Wednesday, January 07, 2009

In case you aren't following me on Twitter . . .

Leave it to me to need to eat my words more quickly than I can even swallow.

Remember this post?

And this one?

Well I had better get over myself, and fast. I had better find that baby love again, and I had better get used to sharing my time with more than just Christopher.

There's another egg in the nest where Little Bird was. A bun in the oven. Knocked up. With child. A Littler Bird. Whatever you want to call it.

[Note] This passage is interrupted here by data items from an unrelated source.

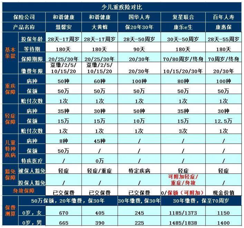 二、市場熱銷的兒童的重大疾病保險(xiǎn)比較評(píng)估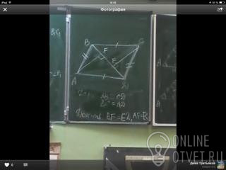 Из условия следует, что АВСД - параллелограмм по признаку. Параллельные прямые АВ и ДС пересечены секущей ВД, следов уголАВД=углуСДВ, следов прямоугольные треугольники АВF и СДЕ равны по гипотенузе и острому углу, а в равных треугольниках соответствующие элементы равны, те BF=ED и AF=EC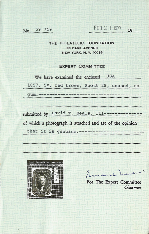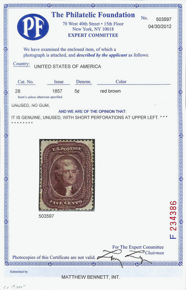 2376 ng 28 image1857, 5¢ red brown, type I (Scott 28), rich color and sharp proof-like impression on bright paper, exceptionally well-centered, only a couple short perfs at top left, unused without gum, still Extremely Fine and extremely scarce, especially in this superior quality. The perforated 5¢ Red Brown (Scott 28) stamps were the first 5¢ perforated stamps to be printed and sent to the post offices. Thus, an estimated 10-15 with original gum, and maybe 20-30 unused without gum, are believed to exist. Most have flaws or are off-center, with 2012 P.F. certificate.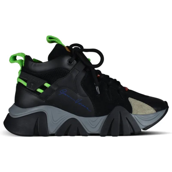 Versace Squalo sneakers in zwart leer.Grijze en zwarte dikke rubberen zool.Versace inscriptie op de tong.Zwarte en grijze suède inzetstukken.Handtekening Gianni Versace.Fluorescerende groene details.Vetersluiting.Ronde neus.100% leer.Gemaakt in Italië.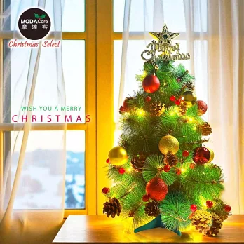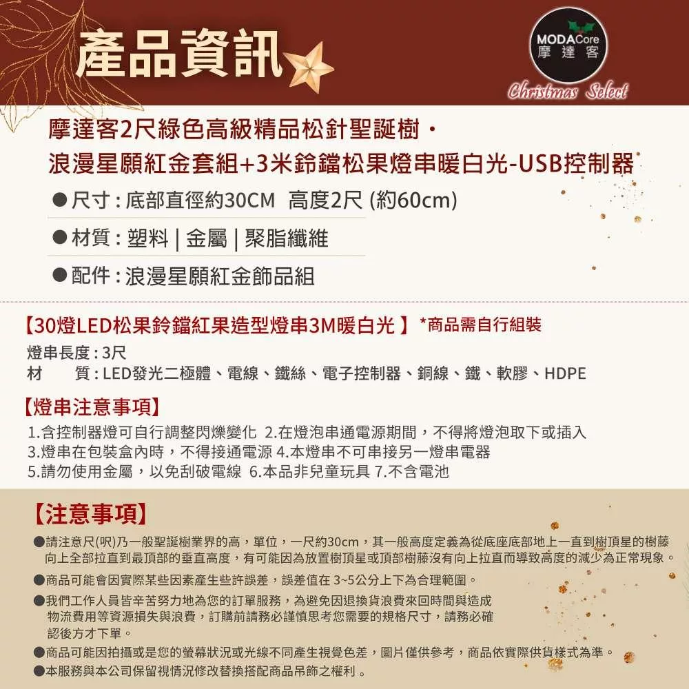 心可樂活-2尺60cm小美好套裝聖誕樹+3號童年快樂糖.果彩繪木片飾品組+LED暖白光20燈雪花燈串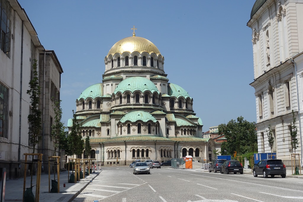 Um dos exemplos de monumentalidade que se sucedem neste centro é a Catedral de Alexandre Nevsky. Símbolo da cidade e do país, foi construída entre 1882 e 1912, em memória dos soldados russos que morreram na guerra turco-russa que trouxe a liberação da Bulgária, daí o nome da catedral, uma homenagem ao príncipe guerreiro russo do século 13. Em estilo neo-bizantino, sobressai a sucessão de cúpulas, umas verdes e outras douradas, um conjunto que é uma maravilha.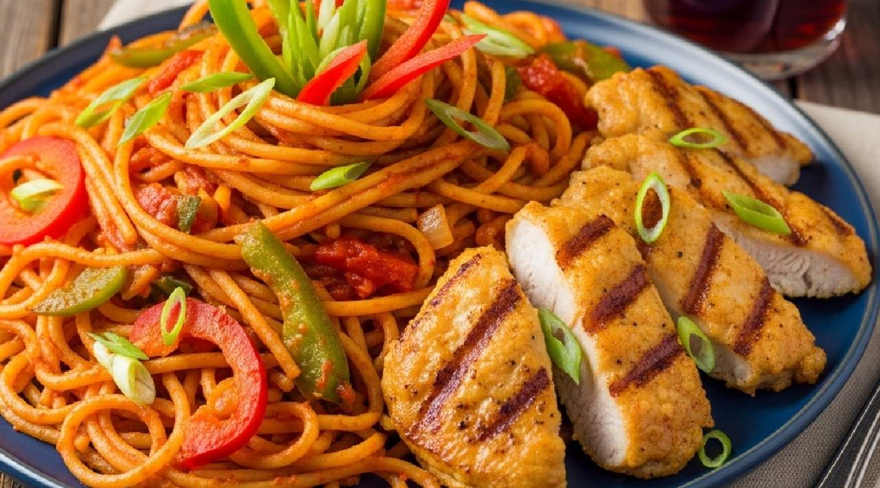 Flavourful jollof rice with tender grilled chicken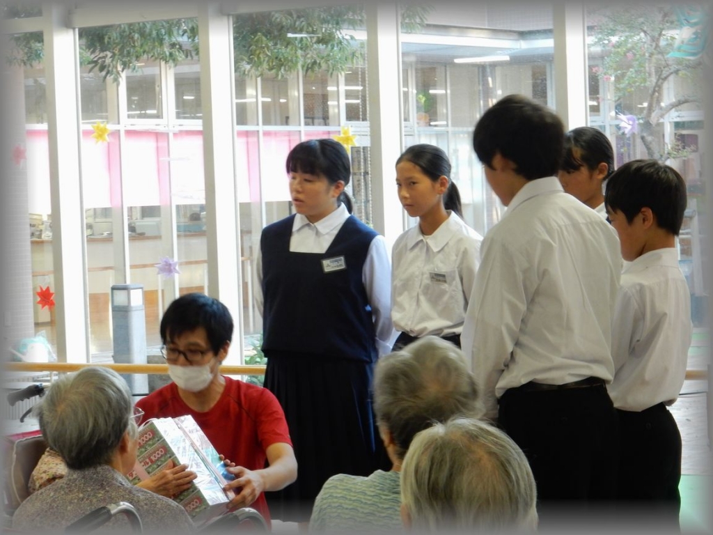 本日放課後、本校の奉仕委員の皆さんが、学区内にある「FOMAなごみ」さんを訪問し、全校で集めたティッシュボックス147個を贈呈しました。FOMAなごみさんからは、後日豊里中学校生徒へ図書(本)をいただけるとのことです。どうもありがとうございました。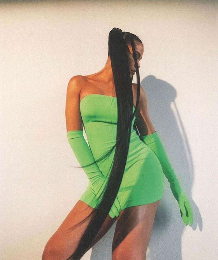 Cassie’s hair added to this look, as she wore two pigtails that flowed past the hem of the dress. The middle part was enhanced with a row of rhinestones and was done by Tiger. Check out a behind the scenes look of Cassie and her glam squad as she prepares for this shoot.

I wasn't going to mention it, because you know, what if something happens? Then Kevin reminded me that if something happens, I'm going to want to talk about it, and not pretend like it didn't. So, here I am.

All pregnant and pausing.

I didn't run and grab the camera when the second line appeared this time. I didn't go jump into bed with Kevin and bounce him awake with the glorious news. I didn't celebrate right away. One day, I might feel guilty for that.

Instead, I peed on a stick and left it to go get Little Bird up and in a clean diaper. I sang the "Good Morning" song to him and cuddled the sweet spot on the back of his head that I love so much. I thought about it just being the two of us. I thought about nursing him. I thought about how not ready to wean he is.

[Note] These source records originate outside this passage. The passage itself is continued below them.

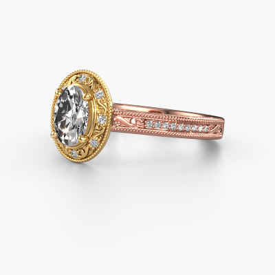 This 14 Carat rose gold ring is called Alice OVL and is set with 7x5 mm zirconia. What is it that makes your relationship unique? What is it about her that makes you want to bend down on one knee? The unique bond between the two of you is emphasized by an equally unique ring. A one of a kind filigree halo engagement ring made especially for her. That is why this vintage ring fits her like a glove. Each specific detail of this filigree rose gold zirconia set engagement ring is hand-picked, crafted and polished by our expert goldsmith. The result is an exquisite ring, unique and perfectly crafted to perfection. That is what our expert Goldsmiths strive for. This jewel is made with passion and love by one of our master goldsmiths.By using our modern techniques, we can design and customize the finest quality jewels with the utmost care for you. Our engagement rings are always priced 30 percent lower than other jewellers. We make engagement rings to order so we don't have to maintain a large stock. If you have a certain budget, we are more than happy to advice you accordingly.Our team adds new designs to our online collection daily. Our designers and goldsmiths work together in creating the best design. We strive to offer a diverse collection of jewels. Perhaps you have a specific jewel design in mind. One you came across somewhere. Please contact us for a free consultation. We will make you an offer, based on a fair price/ quality ratio, that will baffle you.To make it easier for you, we offer a 30 day return policy. Check our terms and conditions.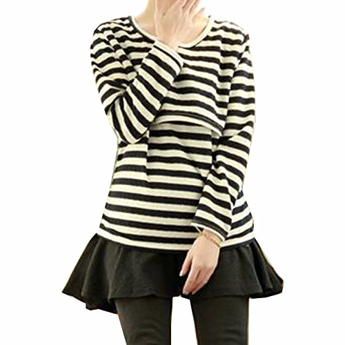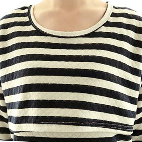 (ティアナ23)Tianna23 マタニティ 授乳口付 クルーネック 長袖 カットソー ブラックXホワイト XL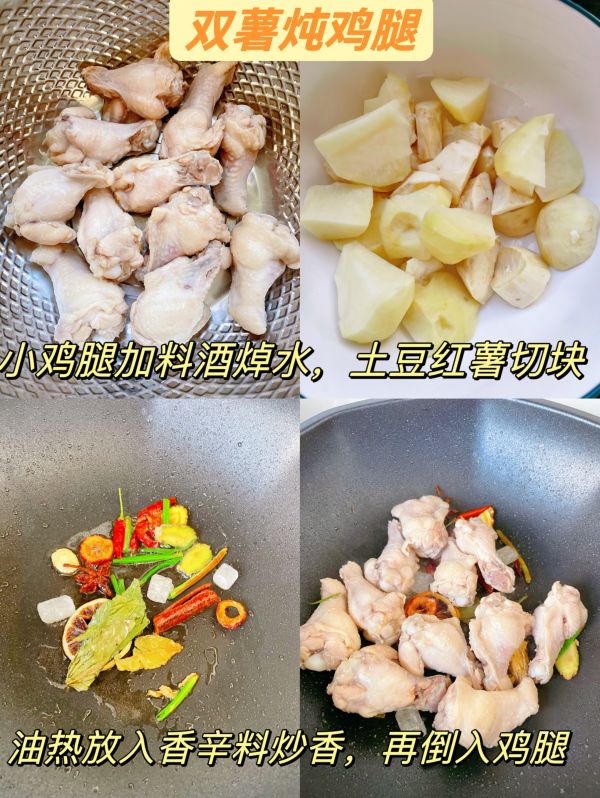 【所需食材】 鸡翅根、土豆、红薯、香辛料:3个干辣椒、1个八角、3片香叶、1个桂皮、3个干山楂、3片姜片、葱等(按自己喜好添加)

Then I carried my little boy back into the bathroom where I found two lines. Faint, but there. Two of them. And I cried.

For some reason, my first reaction was that I was robbing Christopher of some of his babyhood. I immediately felt like it wasn't fair for him to have to share me while he was still so young. I was and am scared that this will terminate our nursing relationship before he is ready (although I've since picked up a copy of Adventures in Tandem Nursing and feel better about that).

Now that I have had a couple of days to process though, I realize that this next baby will always have to share me. He won't get any "just him" time. And Christopher? He is so little that he won't remember having me to himself - unless you count subconsciously, which my mother pointed out he would always subconsciously remember. I'm ignoring that for now.

Now that I've processed a little more, I realize that Little Bird and Littler Bird stand a good chance of being really good friends. I realize that we have decreased the number of years in diapers here. I realize that it's all going to be alright.

We wanted another one, and neither one of us is getting any younger. We obviously weren't preventing another one, excepting that I was counting and had been fairly regular until last month. I don't really care for the term "surprise baby." He isn't a surprise, just his timing is.

He is wanted and loved. Now or whenever.

And with that, I may have to go puke.